Extended Data Fig. 1 Phylogenetic distribution of MAGs recovered from Stordalen Mire.

a, Phylogenetic tree of 647 dereplicated MAGs. Numbers in parentheses show total MAGs recovered and phylogenetic gain of Stordalen MAGs compared to publicly available genomes for each phylum. Red text indicates previously poorly represented phyla. b, Acidobacteria subtree showing the Ca. ‘Acidiflorens’ lineages. c, Eremiobacteraeota subtree incorporating the CARN191 MAG. d, Dormibacteraeota subtree, showing Ca. ‘Changshengia’. e, Subtree of Ca. ‘Methanoflorentales’ MAGs, and closest neighbouring orders. In be, pie charts show phylogenetic gain, red lines indicate Stordalen MAGs, black lines indicate public genomes, blue triangles indicate clustered public genomes and red triangles indicate clustered Stordalen MAGs. Black dots indicate bootstrap values 70–100%.

Extended Data Fig. 2 Microbial community profile of the thaw gradient.

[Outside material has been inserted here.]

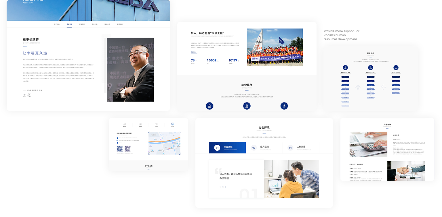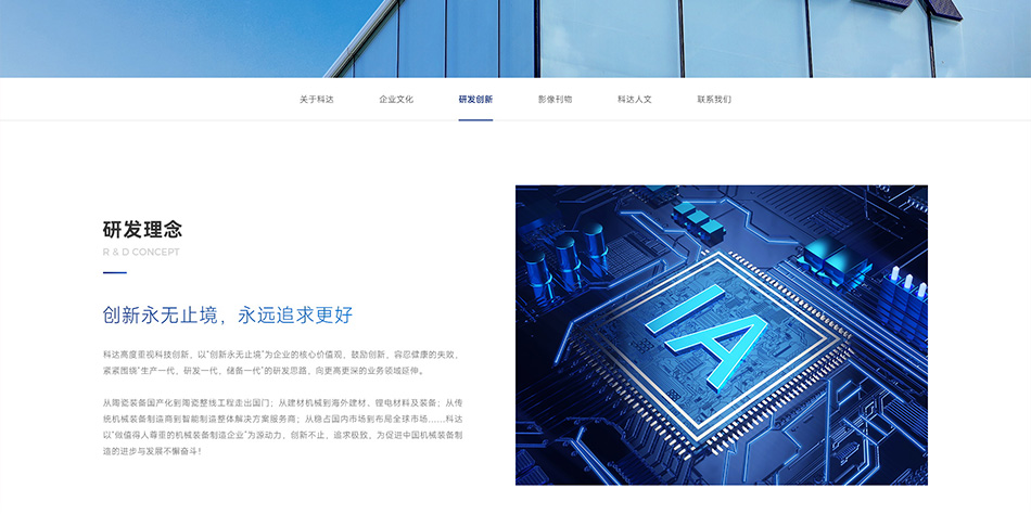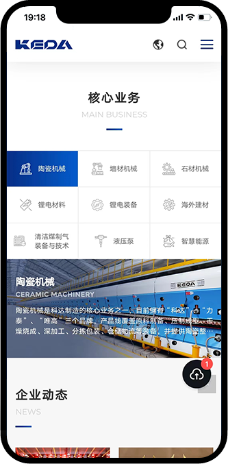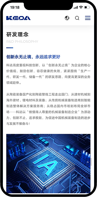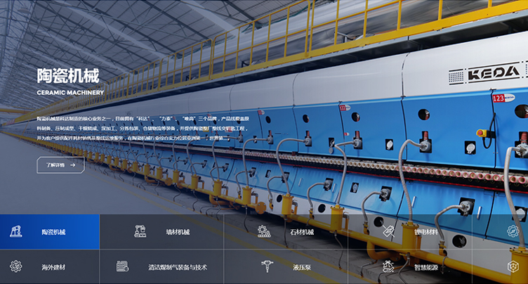 科达制造一举实现“陶机装备国产化”、“做世界建材装备行业的强者”的历史目标,成长为我国乃至世界陶瓷机械行业的龙头企业。为了树立公司在行业中的专业性和领导地位,希望通过新的官网平台来传递科达制造的企业形象,提升品牌调性,吸引潜在客户与公司建立联系。

a, Relative abundance of each phylum estimated through the recovery of 16S rRNA gene reads, averaged within each thaw stage. The 15 phyla with the highest relative abundance across all samples are shown. b, Number of MAGs recovered from each of the phyla in a, showing that broadly, MAGs recovered are from lineages highest in abundance. c, Principal coordinates analysis of weighted UniFrac compositional differences between samples, based on average coverage of each recovered genome of reads mapped to the dereplicated genome set. Colours indicate thaw stage: brown = palsa (P), green = sphagnum/bog (S), blue = eriophorum/fen (E). Depth: S = surface, M = mid-depth, D = deep, X = extra-deep. Goodness of fit was 0.57 for PCoA 1 and 0.65 for PCoA 2. Sample numbers: n = 53, 65 and 70 biologically independent samples for palsa, bog and fen, respectively. d, Quantitative PCR analysis of samples taken in 2012. The number of cells per gram of soil is shown for three depths at the three thaw stages, after correcting for 16S rRNA gene copy number variation (see Methods). Fen samples contained significantly more cells per gram of soil than bog and palsa samples (average 2.6×, P = 7 × 10–8, n = 103, two-sided Mann–Whitney U-test). Sample numbers: n = 8, 9, and 8 for biologically independent samples palsa surface, mid and deep, respectively, n = 9, 8, 9 and 10, 7 and 9 for bog and fen, respectively. e, f, Relative abundances of phyla and classes within the Proteobacteria across the thaw gradient, respectively. The depth of each sample is indicated by the colour of the box (surface: red, mid-depth: green, deep: blue, extra-deep: purple). Each data point is the sum of relative abundances of all lineages assigned to the phylum in a sample after adding a 0.1% pseudocount to all phyla (so the y axis is not dominated by small values visually). Box plots are shown plotted on a log-scale y axis, with phyla and classes ordered by decreasing average relative abundance across all samples. Relative abundance was calculated based on the fraction of the community with recovered genomes (see Methods). Sample numbers: n = 53, 65 and 70 biologically independent samples for palsa, bog and fen, respectively.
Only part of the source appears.